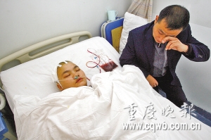 經(jīng)過3小時手術(shù)和24小時術(shù)后觀察,昨日傍晚,大坪醫(yī)院傳來好消息:前日上午不幸被高空墜落的鐵頭叉棍插進頭顱的袁正敏,成功度過第一段生命危險期。
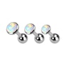 Ten świetny zestaw do piercingu uszu, to zestaw trzech kolczyków o słodkich kolorach i opalizujących kamieniach. Zrobią one jeszcze większe wrażenie, jeśli będziesz je nosić wszystkie na raz. W każdym zestawie kamienie mają odpowiednio rozmiary 3, 4 oraz 5mm.
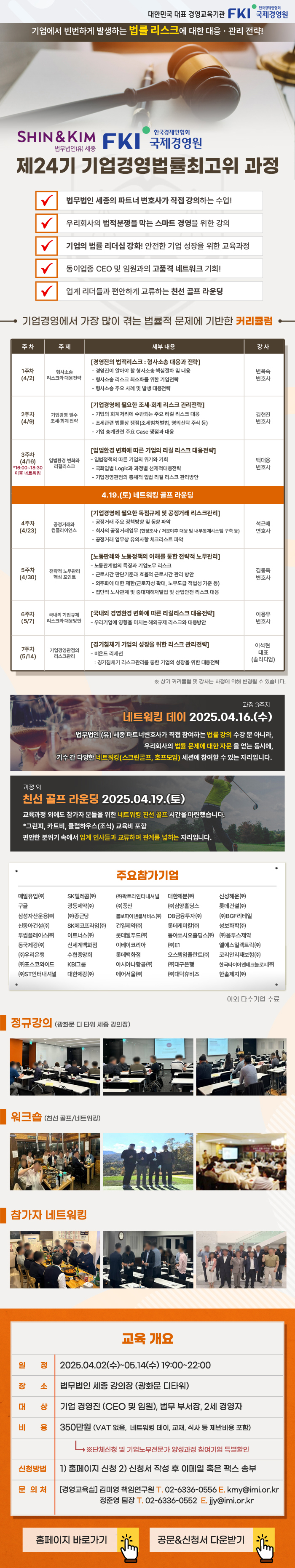 일반사 : 350만원 (교재, 식사, 네크워킹, 골프 등 제반비용 포함) |
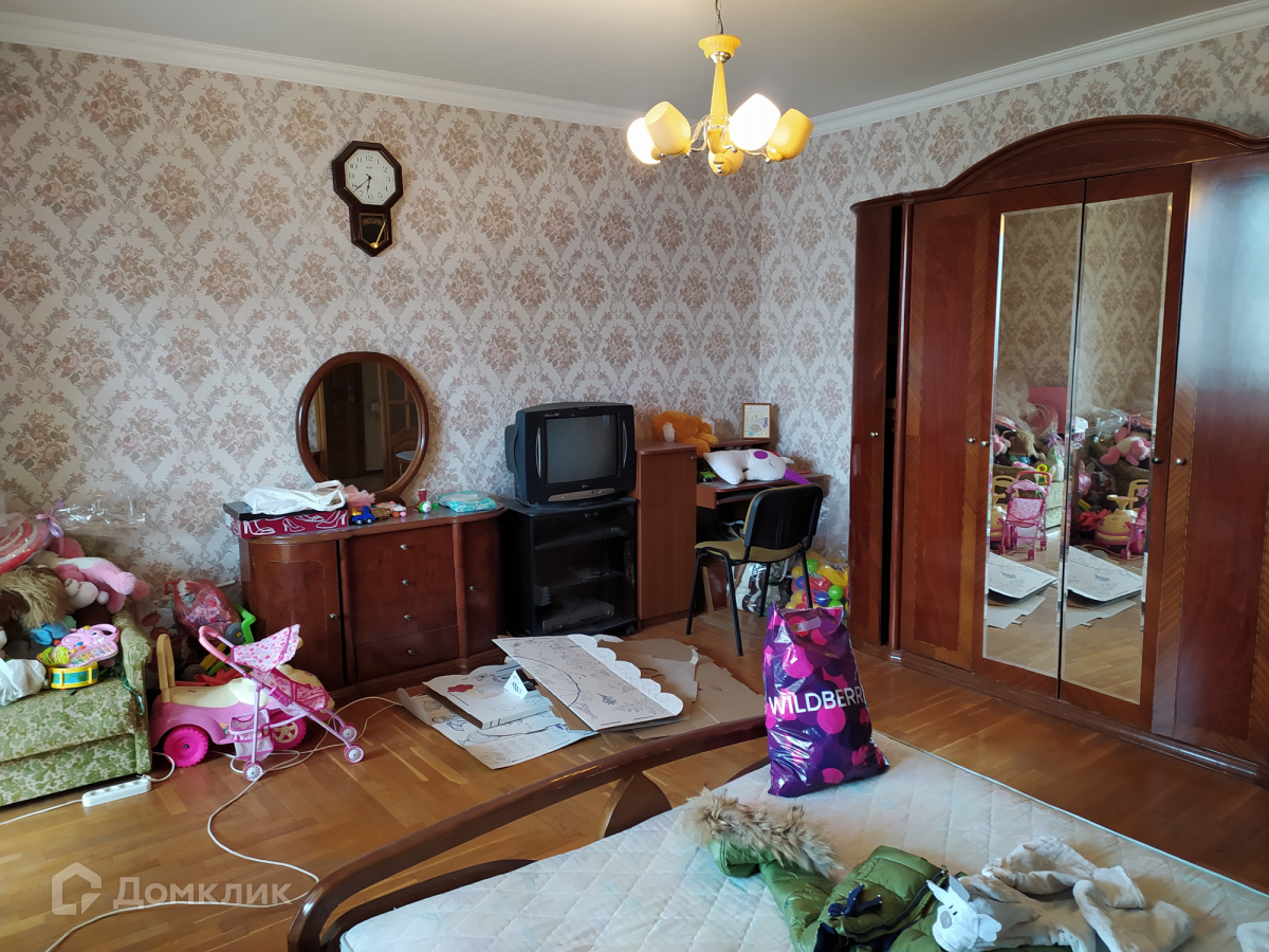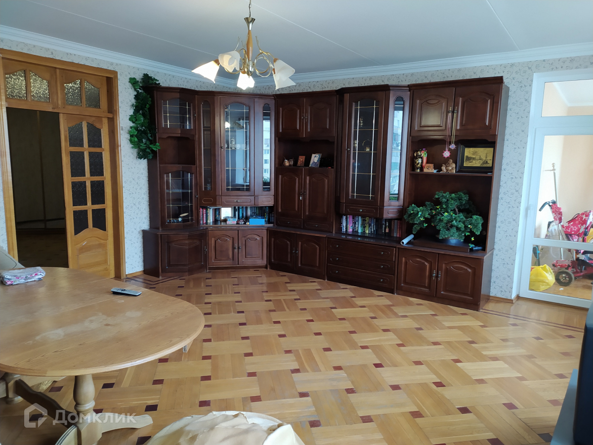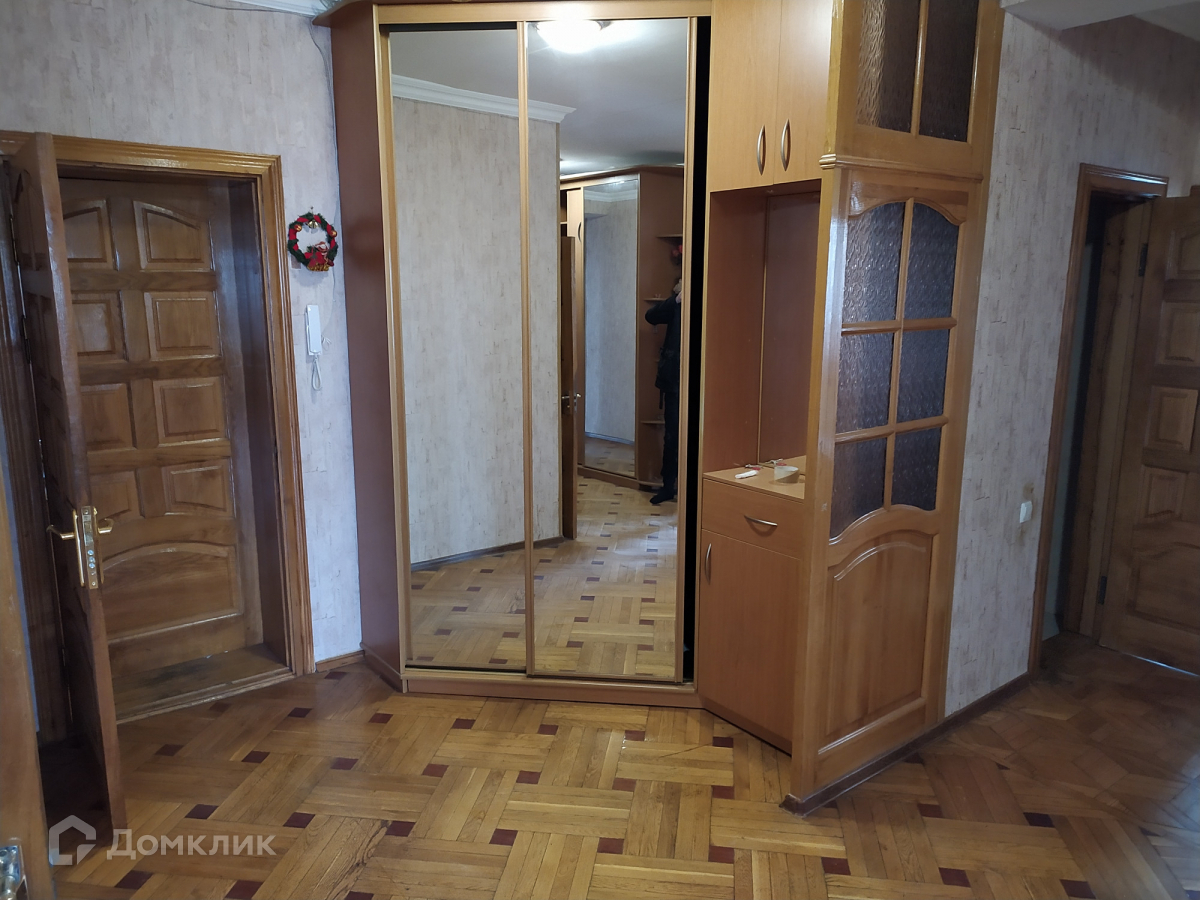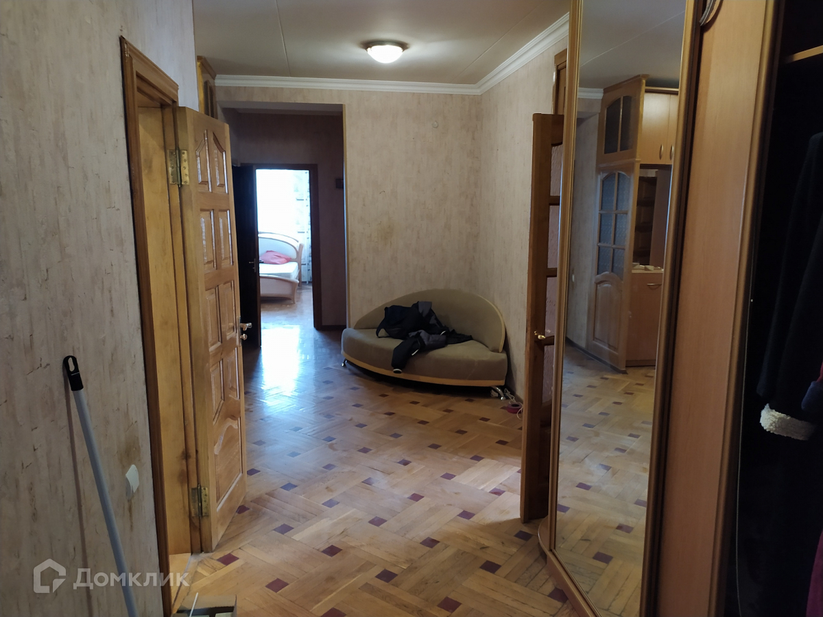 Продаётся 5 - комнатная квартира с мебелью и техникой. Два санузла, гардеробная. По всей квартире паркет, окна пластик, дубовые двери. Пять комнат и четыре огромные застеклённые лоджии - 46.2м. Высота потолков - 2.75м. Прихожая -27.1  м с двумя большими шкафами. Кухня- 15 м стоит газовая колонка. На этаже 2 квартиры. Дом одно подъездный. Во дворе детская площадка. В шаговой доступности школа 15-14, 2 детских сада, магазины, транспорт, рынок. Торг. Документы РФ.
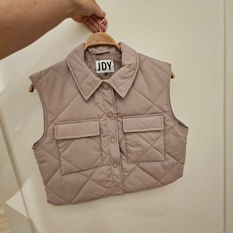 JDY vattert vest i brun farge. Vesten har glidelås foran og sidelommer. Den er uten ermer og har en opprettstående krage. Passer for kvinner.
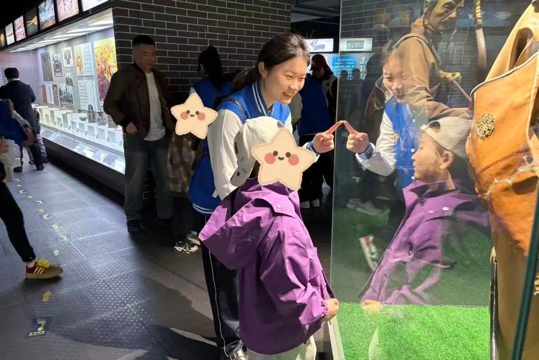 参观过程中,志愿者与孩子们的互动温暖治愈。面对孩子们的好奇提问,哥哥姐姐们耐心倾听、细致解答;对性格腼腆的孩子,用笑容与鼓励拉近距离;对活泼好动的孩子,耐心引导有序参观,展厅里满是温馨氛围。互动体验环节,志愿者化身贴心玩伴,陪着孩子们辨认老物件、模拟传统生活场景,在欢声笑语中拉近彼此距离。孩子们在陪伴中收获快乐与安全感,志愿者也在服务中践行志愿精神,读懂陪伴的意义。
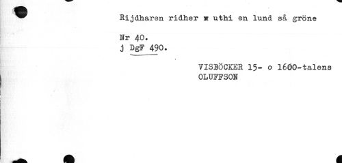 //// / B //// ^^ Rijdharen ridher k uthi en lund så gröne //// Hr 40. j DgF 490. //// VISBÖCKBR 15- o 1600-talens 0L UFF SON ////

- _What to produce_: Although the records contain pictures, print only the rest, exactly as written.

- _The completed task_:
 經(jīng)過3小時手術(shù)和24小時術(shù)后觀察,昨日傍晚,大坪醫(yī)院傳來好消息:前日上午不幸被高空墜落的鐵頭叉棍插進頭顱的袁正敏,成功度過第一段生命危險期。
 Ten świetny zestaw do piercingu uszu, to zestaw trzech kolczyków o słodkich kolorach i opalizujących kamieniach. Zrobią one jeszcze większe wrażenie, jeśli będziesz je nosić wszystkie na raz. W każdym zestawie kamienie mają odpowiednio rozmiary 3, 4 oraz 5mm.
 일반사 : 350만원 (교재, 식사, 네크워킹, 골프 등 제반비용 포함) |
 Продаётся 5 - комнатная квартира с мебелью и техникой. Два санузла, гардеробная. По всей квартире паркет, окна пластик, дубовые двери. Пять комнат и четыре огромные застеклённые лоджии - 46.2м. Высота потолков - 2.75м. Прихожая -27.1  м с двумя большими шкафами. Кухня- 15 м стоит газовая колонка. На этаже 2 квартиры. Дом одно подъездный. Во дворе детская площадка. В шаговой доступности школа 15-14, 2 детских сада, магазины, транспорт, рынок. Торг. Документы РФ.
 JDY vattert vest i brun farge. Vesten har glidelås foran og sidelommer. Den er uten ermer og har en opprettstående krage. Passer for kvinner.
 参观过程中,志愿者与孩子们的互动温暖治愈。面对孩子们的好奇提问,哥哥姐姐们耐心倾听、细致解答;对性格腼腆的孩子,用笑容与鼓励拉近距离;对活泼好动的孩子,耐心引导有序参观,展厅里满是温馨氛围。互动体验环节,志愿者化身贴心玩伴,陪着孩子们辨认老物件、模拟传统生活场景,在欢声笑语中拉近彼此距离。孩子们在陪伴中收获快乐与安全感,志愿者也在服务中践行志愿精神,读懂陪伴的意义。
 //// / B //// ^^ Rijdharen ridher k uthi en lund så gröne //// Hr 40. j DgF 490. //// VISBÖCKBR 15- o 1600-talens 0L UFF SON ////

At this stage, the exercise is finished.